Indeed, Rafman conceives of his curatorial work on these images as a “reassertion of the significance of the human gaze within Street View” (Rafman). Rafman is pinpointing the tensions among the way that these images are understood in relation to their function (machine made, purely informational), how this understanding relates to understandings of photography in general (as either objective and realistic or subjective and framed), and his practice of selecting images to designate as art. Through all of this, he wants to make a commentary on Google’s status as a creator of a “cultural text like any other,” despite the “weight accorded to external reality [and] the perception of a neutral and unbiased recording” (Rafman). Bolter and Grusin write, "the analog representations on our screen are powerfully connected to life off-screen" (10). Rafman's art practice expands on this: Though, in a literal sense, Google Street View does bear a photographic connection to "life off-screen," Rafman points out the degree to which we impose intention and meaning on these images, and thus suggests that the work that Google Street View performs is perhaps closer to framing and representation than one might think. 

Bibliography:

1.     Bolter, Jay David., and Richard Grusin. Remediation: Understanding New Media. London: MIT P., 2001. Print.

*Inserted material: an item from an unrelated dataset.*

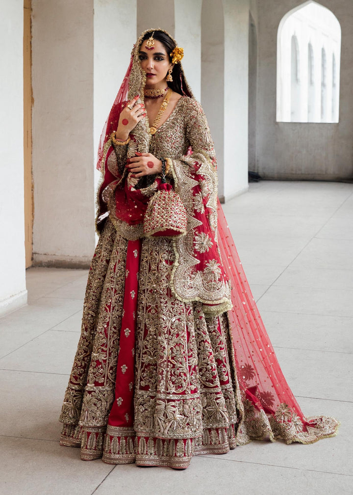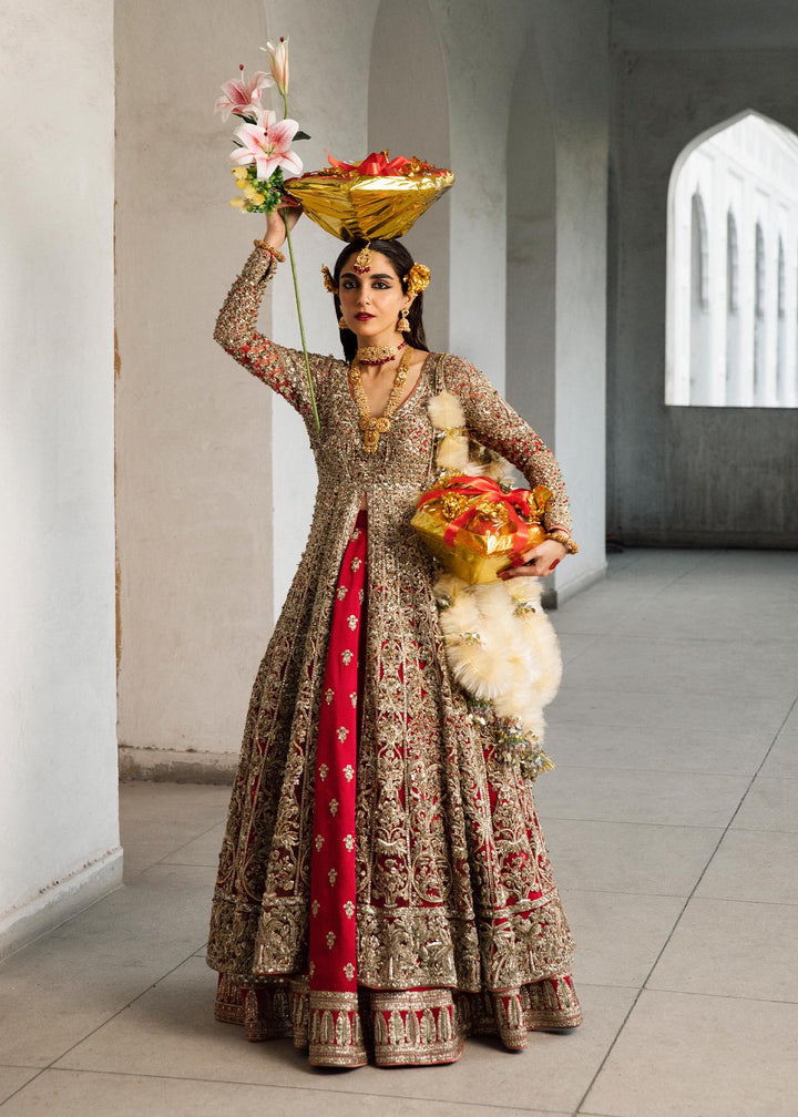 A dazzling showstopper scarlet colored floor length net peshwas with front open detail, finished with stunning gold adda work of naqshi, dabka, sequins and buggle beads. It comes with flared satin silk lehenga with luxuriant border of adda work details in gold and chatta of small Botis throughout. It comes with a net dupatta of 4 yards with wide border on all sides, intricately gold adda work of naqshi, dabka, sequins and muqash and chatta of aureate sequins and borders are finished with gold Kiran.

2.     "Google Maps with Street View." Google Maps. Google. Web. 19 Dec. 2011. <http://maps.google.com/intl/en/help/maps/streetview/>.

3.     Manovich, Lev. The Language of New Media. Cambridge, MA: MIT, 2001. Print.

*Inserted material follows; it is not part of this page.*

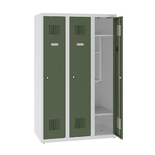Třídveřové svařované šatní kovové skříně.
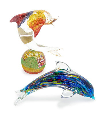 Two Murano Style Glass Dolphins

4.     McPherson, Tara. "Reload." The Visual Culture Reader. By Nicholas Mirzoeff. 2nd ed. London: Routledge, 2002. 458-70. Print.

5.     Rafman, Jon. "IMG MGMT: The Nine Eyes of Google Street View." Art Fag City — New York Art News and Reviews. 12 Aug. 2009. Web. 19 Dec. 2011. <http://www.artfagcity.com/2009/08/12/img-mgmt-the-nine-eyes-of-google-street-view/>.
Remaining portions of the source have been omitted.